Input material.
• • • • •
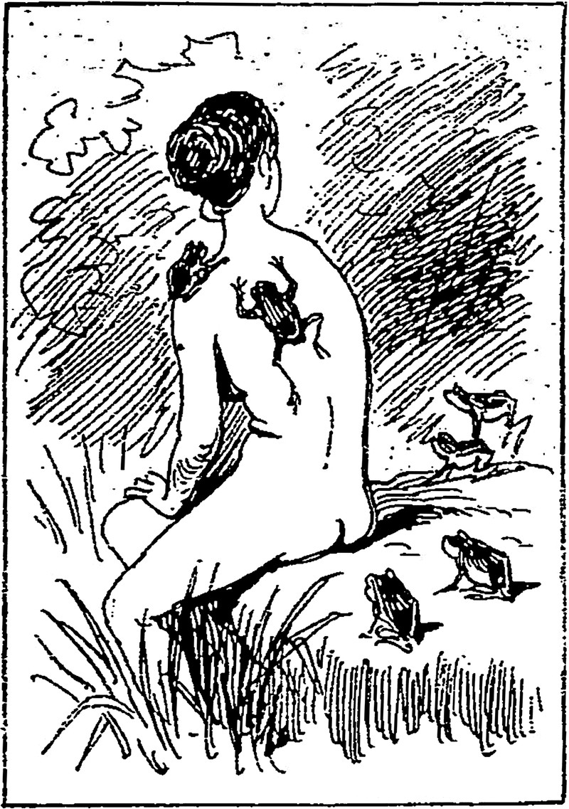 "He was beginning to differentiate the frog's chorus from the owl's solo." From The Judge, 1918.
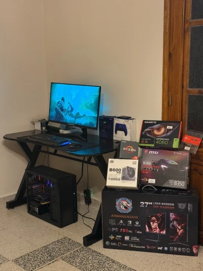 Pc Gamer Compler Menharak Tal3aab Carte Graphique Rtx 4060 GIGABYTE Avec La Boite Carte Mére B350 GAMING PRO CARBON RGB 4 Slot De Ram Avec La Boite Processeur Ryzen 5 1600 3.6 Ghz Avec L
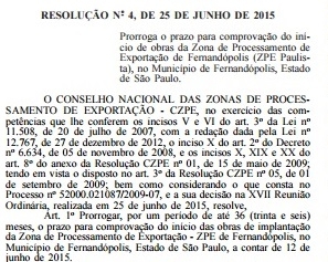 Resolução que prorroga prazo para implantação da ZPE é publicada
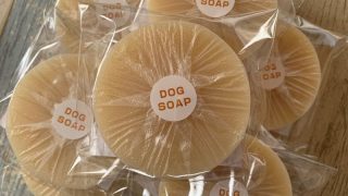 カモミールマカダミア石けんとオリーブ×オリーブ石けん。ドッグソープ、販売中です。
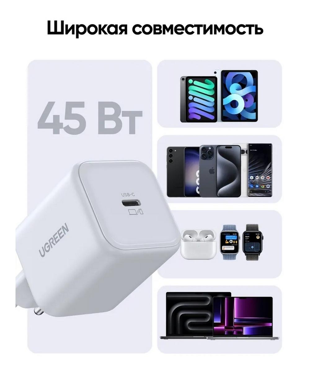 Сетевое зарядное устройство UGREEN X524 (65053) 45W USB-C GaN Fast Charger EU. Цвет: белый
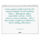 Come explora Califórnia das alturas majestosas às costas reconfortantes. Montanha, lagos, cachoeiras, vales. Pássaros, flores, insetos, praias. Toda a estes faz a Califórnia de exploração uma aventura nunca de término. Este calendário inclui fotos do parque nacional de sequóia, Piedras Blancas, vigia máxima da mula na floresta nacional da sequóia, nas quedas de Tokopah, no Lake Tahoe e no mais.
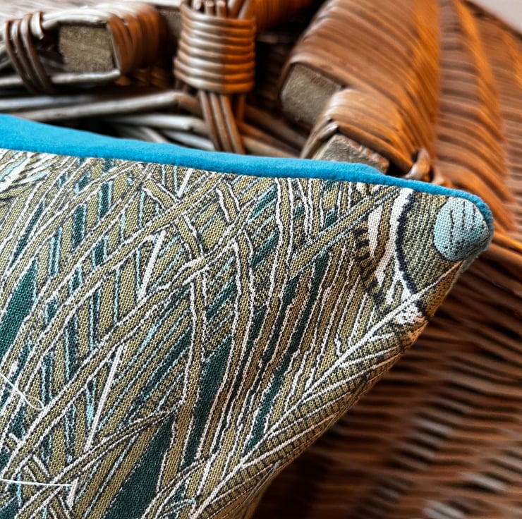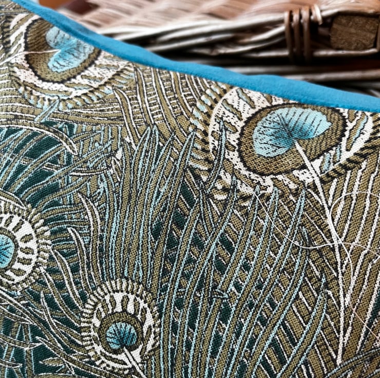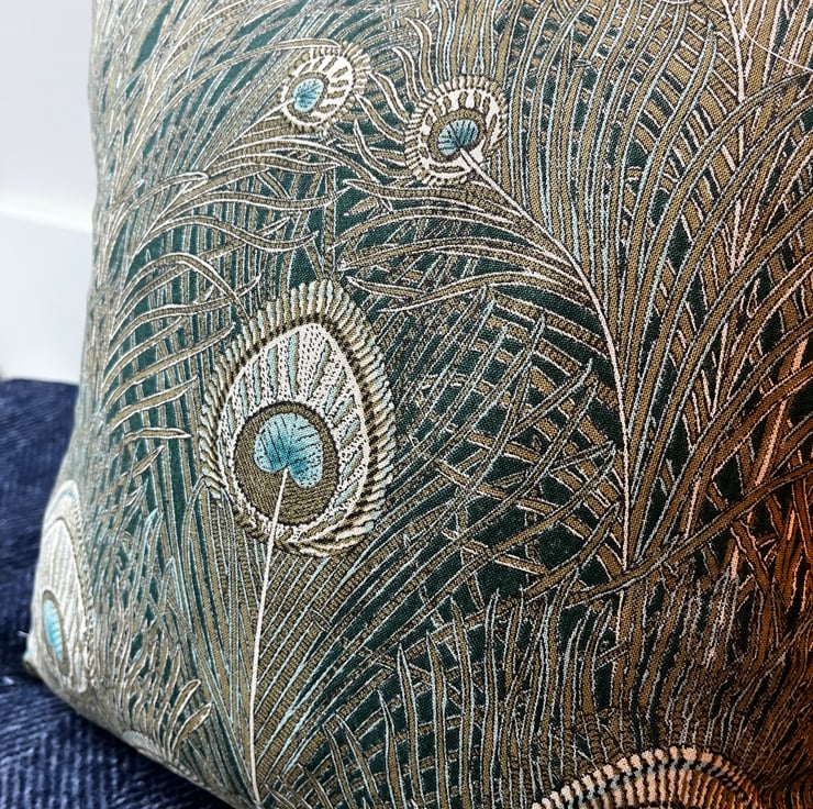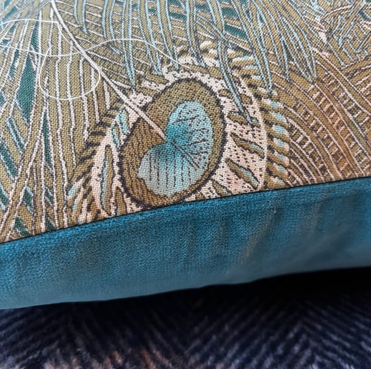 Beautiful peacock feather linen cushion cover made from Liberty Hera linen and backed with plain teal velvet which picks out the colour in the feathers.
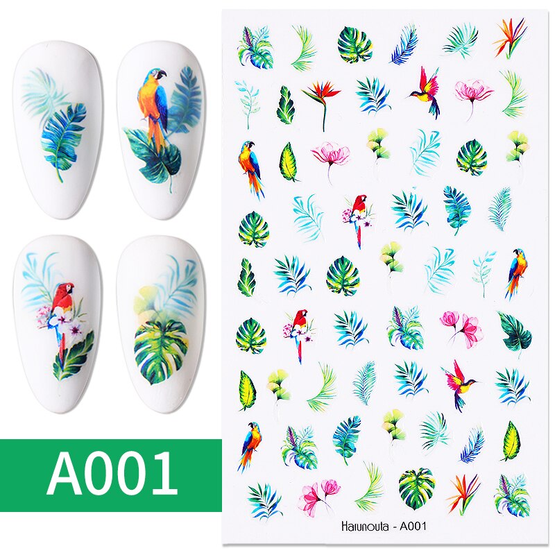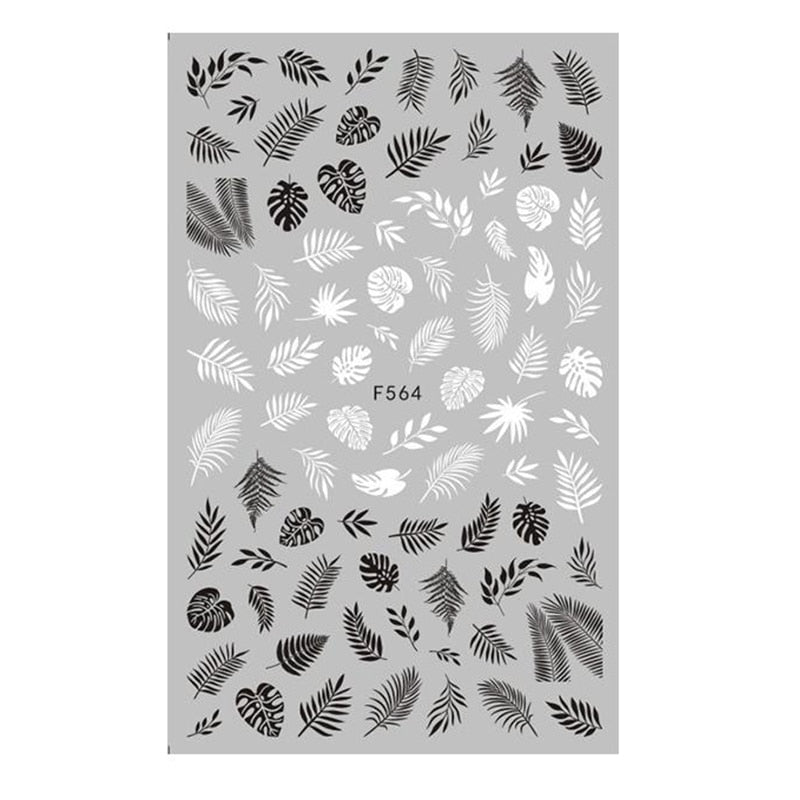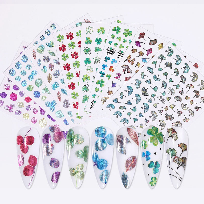 1PC 3D Nail Stickers Fan Leaf Dried Flower Shiny Sliders Nail Art Decorations Lucky Clover Pattern Foil Nail Art Manicure-Nail Inspo
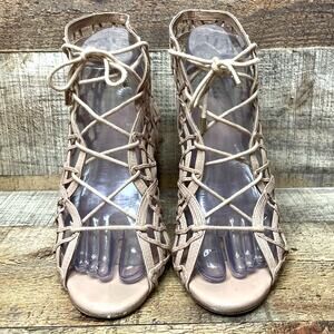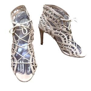 Joie Leah Lace Up Caged Sandals Heels Cream Tan Nude Size 37 7
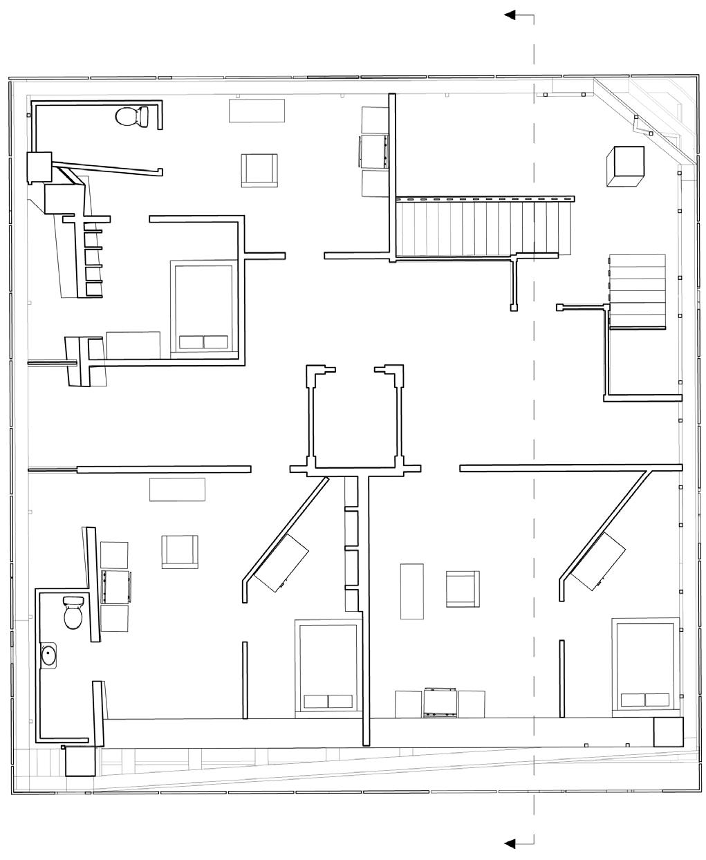 Conceptual Study and Exercise of Precedent Floor Plans. Final Result was to “cut up” different parts of different plans and assemble a “new” floor plan and create a potential design strategy or method of thinking. I imagined each domestic space as offset creating a corridor and began my design based on this.
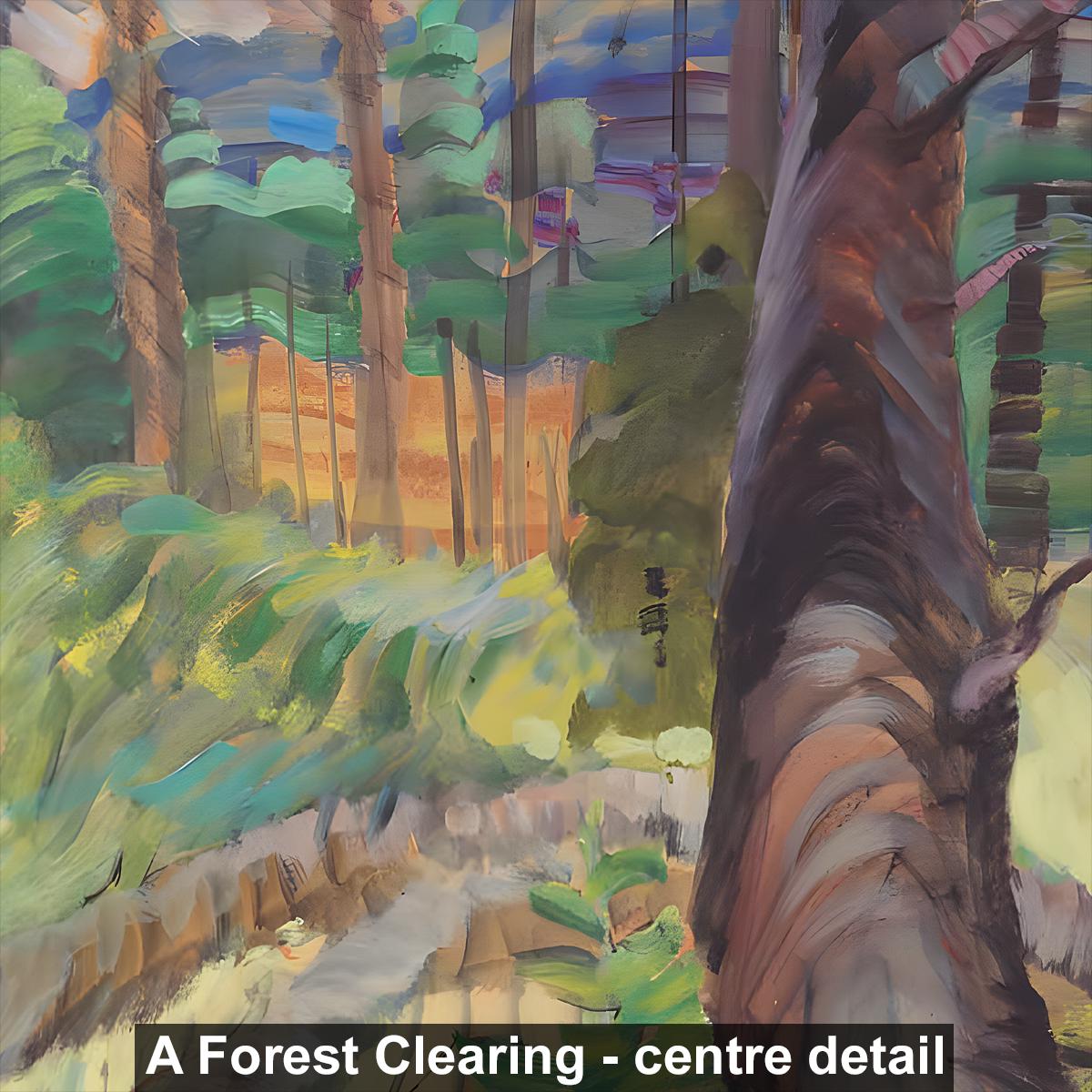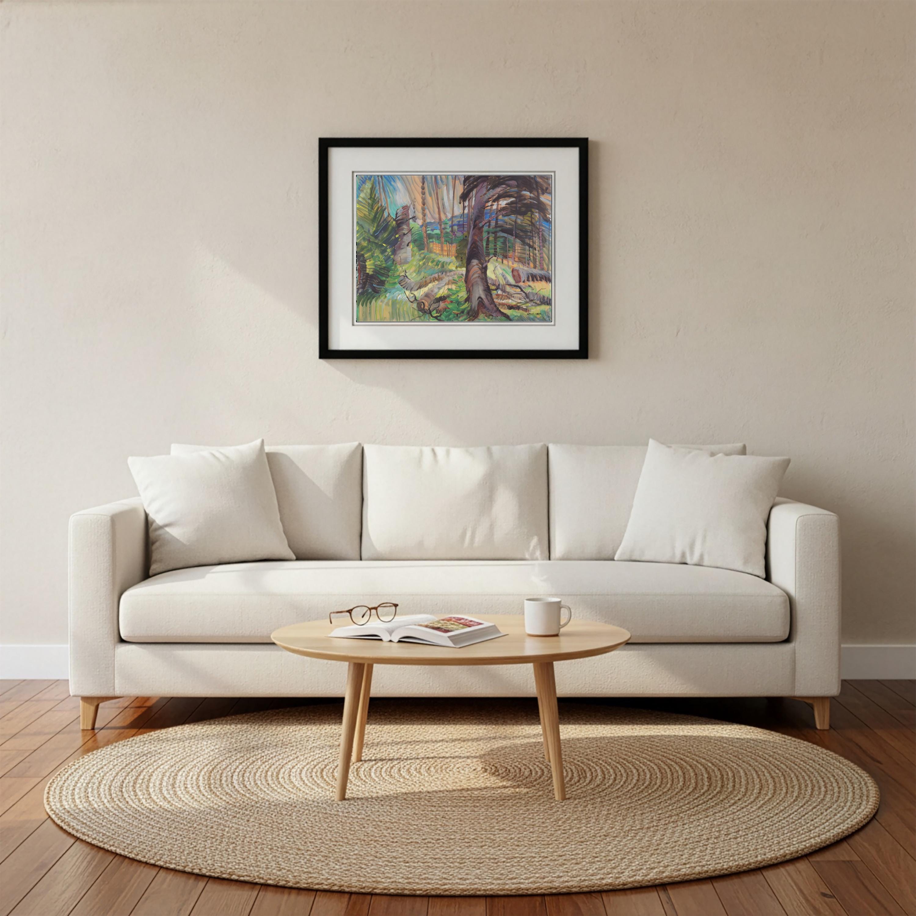 Emily Carr's "A Forest Clearing" (1935) finds the breath within the density — an opening in the canopy where sky pours down and the forest momentarily lets go of its grip. Carr was drawn to clearings not as emptiness but as presence, places where the forest revealed what it normally held hidden. Light floods the open ground with an almost spiritual intensity while the surrounding trees lean inward like witnesses, and the clearing becomes a threshold — not between forest and not-forest, but between the seen and the felt.
• • • • •
Work instructions. Output each line exactly as shown above; no pictures go in the copy.

Written solution.
 "He was beginning to differentiate the frog's chorus from the owl's solo." From The Judge, 1918.
 Pc Gamer Compler Menharak Tal3aab Carte Graphique Rtx 4060 GIGABYTE Avec La Boite Carte Mére B350 GAMING PRO CARBON RGB 4 Slot De Ram Avec La Boite Processeur Ryzen 5 1600 3.6 Ghz Avec L
 Resolução que prorroga prazo para implantação da ZPE é publicada
 カモミールマカダミア石けんとオリーブ×オリーブ石けん。ドッグソープ、販売中です。
 Сетевое зарядное устройство UGREEN X524 (65053) 45W USB-C GaN Fast Charger EU. Цвет: белый
 Come explora Califórnia das alturas majestosas às costas reconfortantes. Montanha, lagos, cachoeiras, vales. Pássaros, flores, insetos, praias. Toda a estes faz a Califórnia de exploração uma aventura nunca de término. Este calendário inclui fotos do parque nacional de sequóia, Piedras Blancas, vigia máxima da mula na floresta nacional da sequóia, nas quedas de Tokopah, no Lake Tahoe e no mais.
 Beautiful peacock feather linen cushion cover made from Liberty Hera linen and backed with plain teal velvet which picks out the colour in the feathers.
 1PC 3D Nail Stickers Fan Leaf Dried Flower Shiny Sliders Nail Art Decorations Lucky Clover Pattern Foil Nail Art Manicure-Nail Inspo
 Joie Leah Lace Up Caged Sandals Heels Cream Tan Nude Size 37 7
 Conceptual Study and Exercise of Precedent Floor Plans. Final Result was to “cut up” different parts of different plans and assemble a “new” floor plan and create a potential design strategy or method of thinking. I imagined each domestic space as offset creating a corridor and began my design based on this.
 Emily Carr's "A Forest Clearing" (1935) finds the breath within the density — an opening in the canopy where sky pours down and the forest momentarily lets go of its grip. Carr was drawn to clearings not as emptiness but as presence, places where the forest revealed what it normally held hidden. Light floods the open ground with an almost spiritual intensity while the surrounding trees lean inward like witnesses, and the clearing becomes a threshold — not between forest and not-forest, but between the seen and the felt.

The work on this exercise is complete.